Grammars that generalize: trying to find domain-invariant bird recognition

Here’s a question Duy and I were kicking around: what if you combined a small DSL with a neural network classifier and the classifier head itself happened to be domain-invariant by construction? Not as a replacement for adaptation methods like CDAN, but as a much stronger starting point for them.

Turns out it works. We replaced a linear classification layer with a probabilistic context-free grammar over spatial layout programs. The grammar scores spatial relations between detected parts, and those relations don’t change when you go from photos to paintings. We call this PARSE (Primitive-Aware Relational Structure for domain gEneralization); paper at arXiv:2605.06043.

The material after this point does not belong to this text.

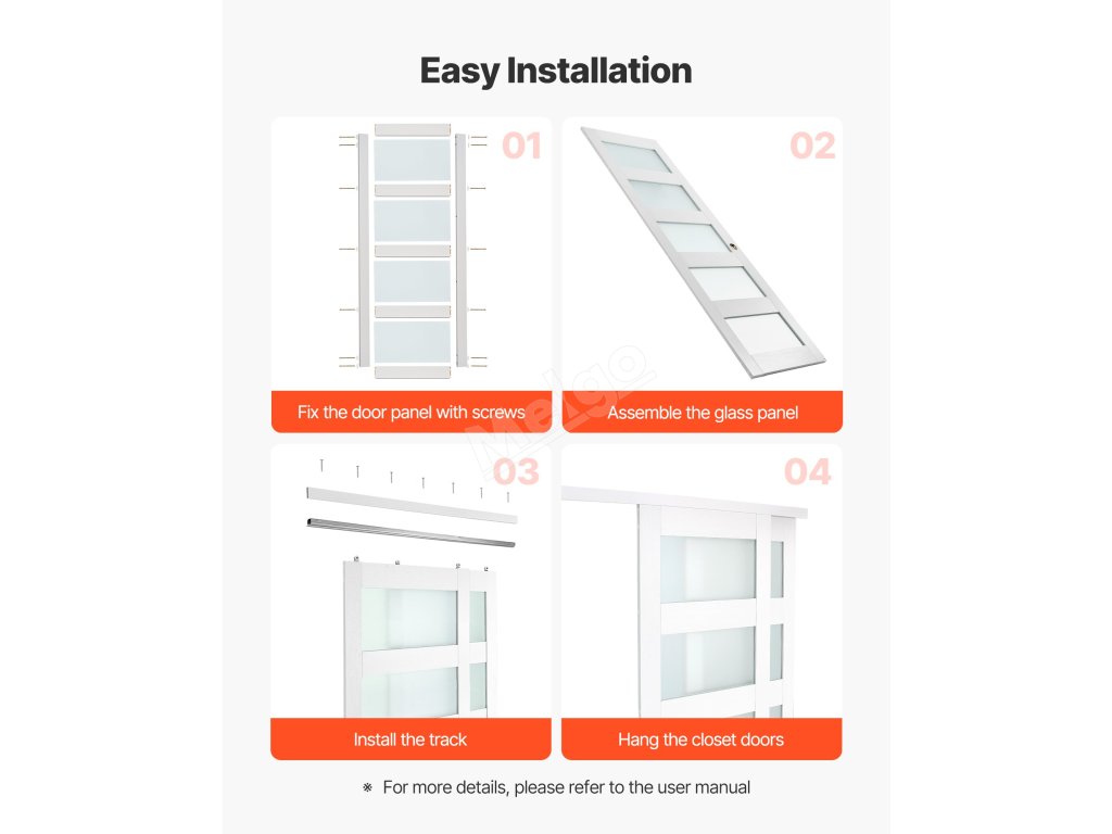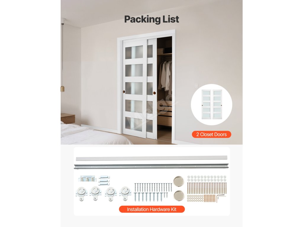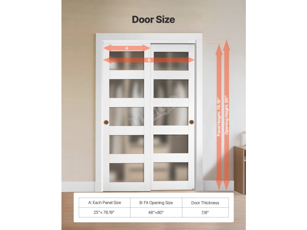 Díky odolnému dřevěnému rámu, voděodolnému povrchu a matnému tvrzenému sklu 5-Lite jsou naše posuvné dveře skříně hladce posuvné a zároveň šetří místo. Rozměry každé dveřní výplně: 635 mm (š) x 1986 mm (v), tloušťka: 22 mm. Vhodné pro dveřní otvory o rozměrech 1219 x 2032 mm.

Code: datvo06/NeuroSymbolicDG. Checkpoints: HuggingFace.

The setup and the result

The benchmark is CUB-DG (Min et al., ECCV 2022): 200 bird species across 4 visual domains (Photo, Art, Cartoon, Paint). Train on 3 domains, test on the held-out one. The prior best image-only method is ERM++ (Teterwak et al., 2025) at 61.1% average; CORAL (Sun & Saenko, 2016) sits at 55.5%, GVRT (Min et al., 2022) at 57.0%. PARSE reaches 65.6% with image only.

CUB-DG results comparison

The pipeline:

ResNet-50
  → 1×1 conv → K=16 heatmaps
  → diff. heatmap-to-coord (Nibali et al. 2018) → 16 primitives {(cx, cy, σ, δx, δy)}
        cx, cy: centroid       σ: presence confidence (sigmoid of max)
        δx, δy: spatial extent (2× std under the temperature-softmax heatmap)
  → enumerate predicate applications: ~130k for CUB-DG
  → sparsemax per-class weights, sparse dot product → class scores → softmax CE

The concept bottleneck (1×1 conv + the differentiable heatmap-to-coordinate transform of Nibali et al., 2018) forces the network to decompose its representation into $K=16$ spatially localized primitives. Each primitive carries a centroid, a presence confidence (sigmoid of the heatmap max), and a spatial extent (twice the coordinate-wise standard deviation under the temperature-softmax heatmap). No hand-designed primitive vocabulary: the primitives emerge from end-to-end training with image-level class labels only.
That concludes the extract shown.